Fat Tuesday: glazed with heritage

Ethan Sandock

By Molly Walsh, Managing Editor

If Chicagoans want to take a dozen doughnuts to class or work Tuesday, they should start lining up now. Fat Tuesday, or “Paczki Day,” is March 5, and bakeries are busy preparing for this tasty Polish tradition.

Paczki, pronounced “pownch-key,” are doughnuts typically found in Polish cuisine filled with different custards, creams and jellied fruits.

Fat Tuesday is the name for the day before the beginning of Lent, a 40-day observance in Christianity that includes fasting and prayer before Easter.

“You can find paczki everywhere,” said Jan Lorys, Polish Museum of America historian and former director. “Even Jewel has Paczki Day!”

But it’s in the small, traditional bakeries tucked away in Chicago’s ethnic neighborhoods where the paczki tradition is most authentic. Last year, Bridgeport Bakery, 2907 S. Archer Ave., sold nearly 5,000 of the billowy, sweet pastries, and this year, it is expecting lines to go around the block.

The bakery offers 13 flavors, including apple, cherry, strawberry, custard, cheese, lemon and poppyseed.

Sandra Budz has worked at the Slovak and German bakery for a decade. She said Fat Tuesday is usually a madhouse at the bakery, with preparation starting the Thursday before.

“One time it was below zero, and people were waiting all the way down the street for them,” Budz said.

Steve Walowski has been a Bridgeport resident for 63 years and said he used to deliver Bridgeport Bakery’s baked goods to gas stations and other places before he went to work in the morning.

Walowski has been frequenting the bakery for the last 40 years. He said his go-to paczki flavors are custard or cherry.

“For a small, little bakery, they say they put out like 2,000 [paczkis] or something,” he said. “It’s quite a bit.”

Eating paczki makes people feel guilty with Lent taking place the following day, Walowski said.

Eating paczki the Thursday before Lent became a tradition in Poland as a way of ridding fat and sugar before fasting. The day is celebrated in the U.S. on Tuesday in correlation with the French tradition of Mardi Gras, Lorys said.

“Now, if you celebrate both traditions, you eat paczki on Thursday, and then you eat them again on Tuesday,” Lorys said. “What could be better than that?”

Lorys, whose favorite paczki flavor is rose, said Polish heritage is important.

“For 123 years, there was no Poland on the map of Europe. There was partition amongst the Germans, the Austrians and the Russians,” he said. “The fact that there wasn’t a country does not mean that there was not a Polish culture.”

The Polish culture in Chicago is especially prevalent.

According to a 2000 census report from the Polish American Association, more than 200,000 people in Chicago have Polish ancestry.

Budz’s brother, Ron Pavelka, has owned the bakery for 46 years.
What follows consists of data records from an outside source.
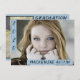 Cobertura de modelo de graduação horizontal com fotos em chic 2 com destaque em uma sofisticada paleta azul de ovo preto e branco. O design frontal apresenta uma imagem e um script de pincel com letra chic com o nome do formando e o ano de graduação. No verso está uma segunda imagem e os detalhes da parte/evento. #certo #classe de2019 #gradparty #graduationparty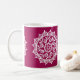 Ce mandala blanc est assis sur un arrière - plan rose foncé. La couleur est très riche et sophistiquée. Partie de la collection Brosya Mandala.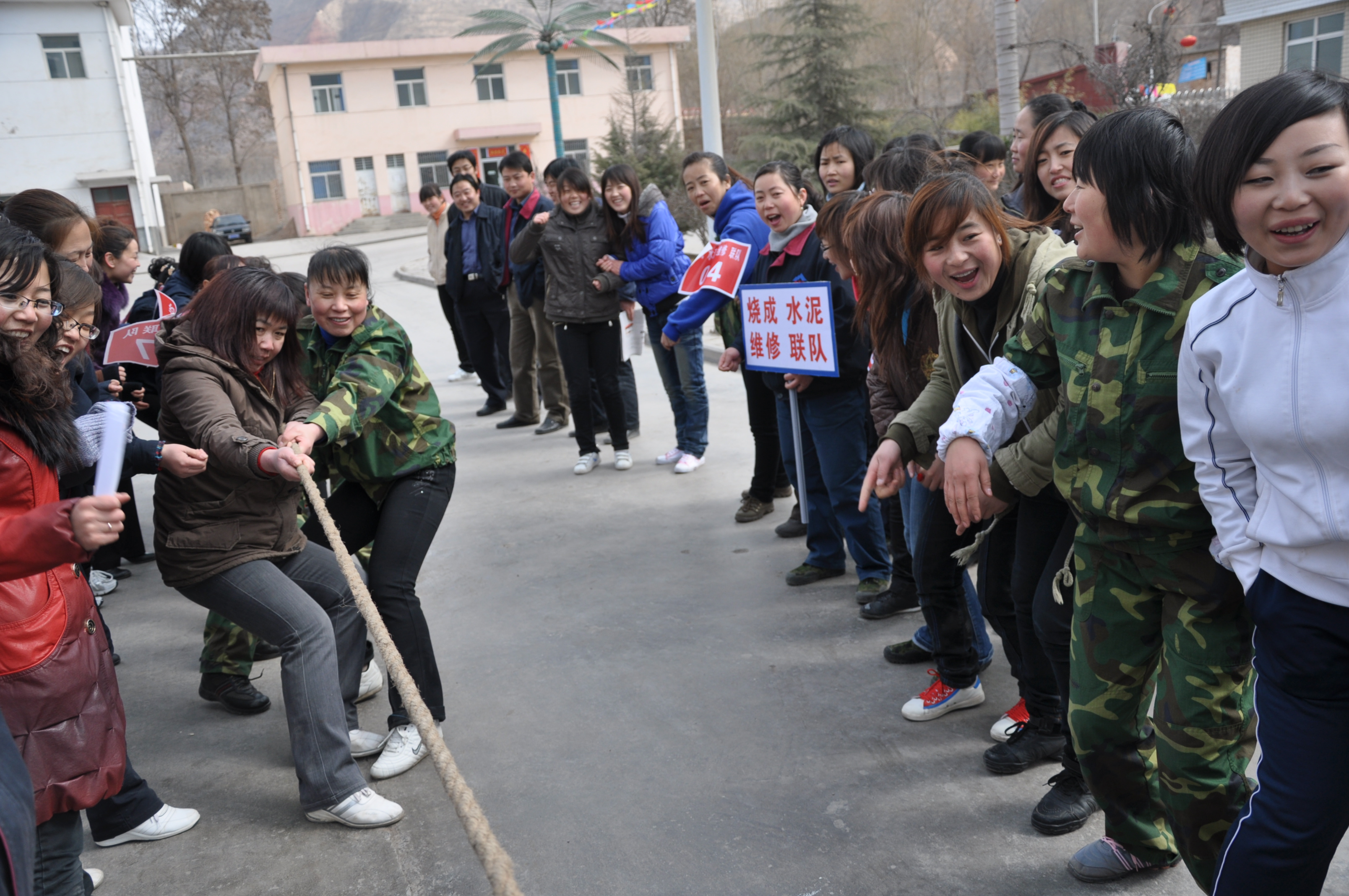 日前,甘谷公司举行的以“我锻炼,我健康,我参与,我快乐”为主题的女职工趣味活动,精彩纷呈,热闹非凡,大大丰富了职工的生活。图为拔河的情景。(甘谷公司 张宏儒 报道)
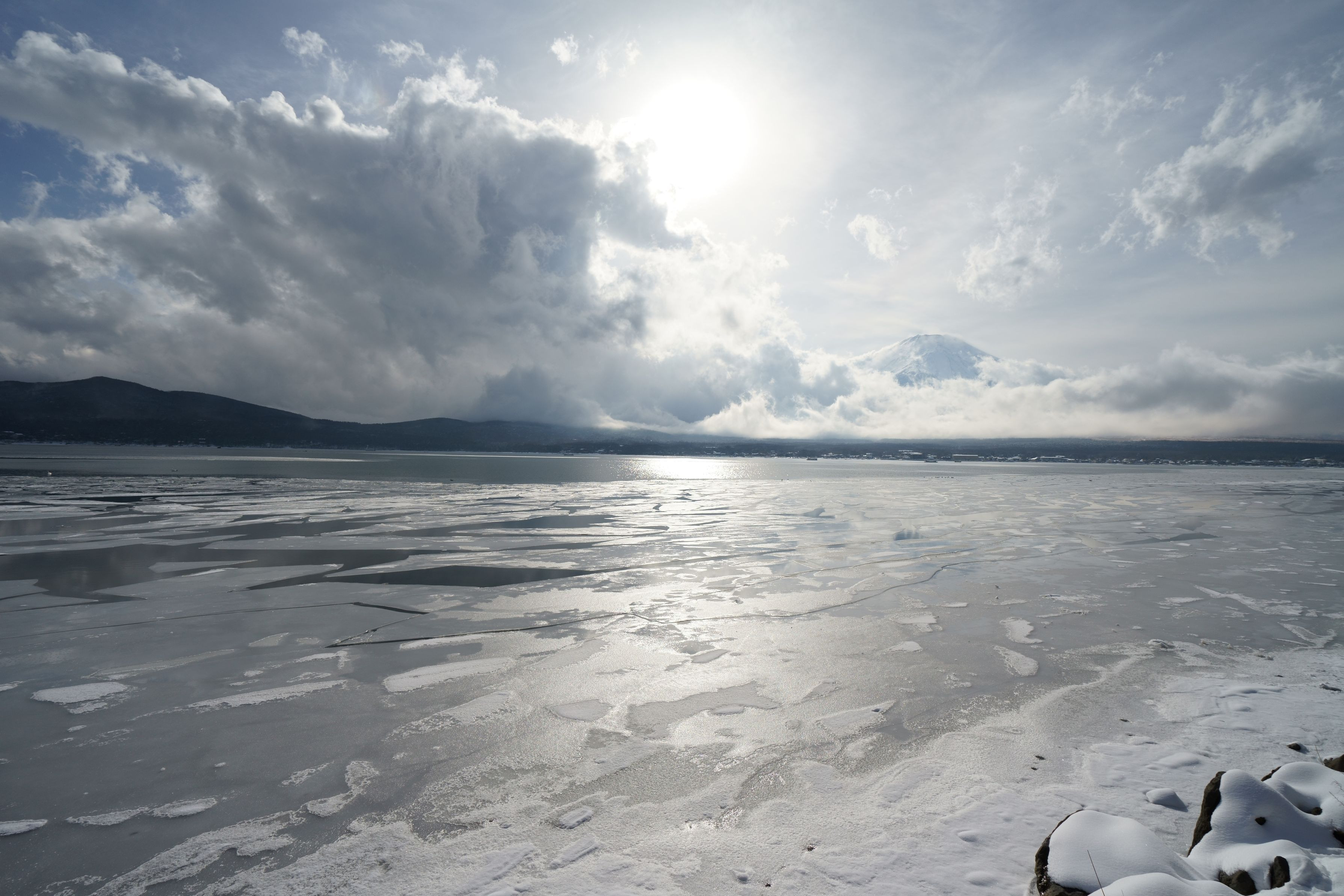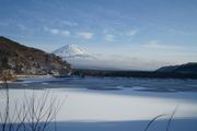 山中湖の東に位置する三国山でスノーハイクを楽しんだ日、丹沢方面から尽きせぬガスが流れ込みなかなか見ることができなかった富士山。その帰路、雲がまとわりつきながらもようやく姿を見せてくれました。湖岸にはダイヤモンド富士を待つ人々が列をなしていました。その後に訪れた精進湖では、氷結した湖面に広がる純白の雪を前景に穏やかに富士が佇んでいました。

Budz said paczki have always been a part of her life.

“Everything is made here. Everything is fresh,” Budz said. “I’m diabetic, so I try not to eat it at all, but when we make my favorite, buttercream, then I have to have one.”

The bakery plans on opening at 12 a.m. Tuesday with 20 employees ready to handle the thousand people expected to be waiting in line, eager to pick up a dozen or two of the filled doughnuts for $1.50 each.

“Treat your friends so they can find out [about] a small part of Polish culture. You can use that as a springboard to talk about other things,” Lorys said. “That would be a sweet opening. No pun intended.”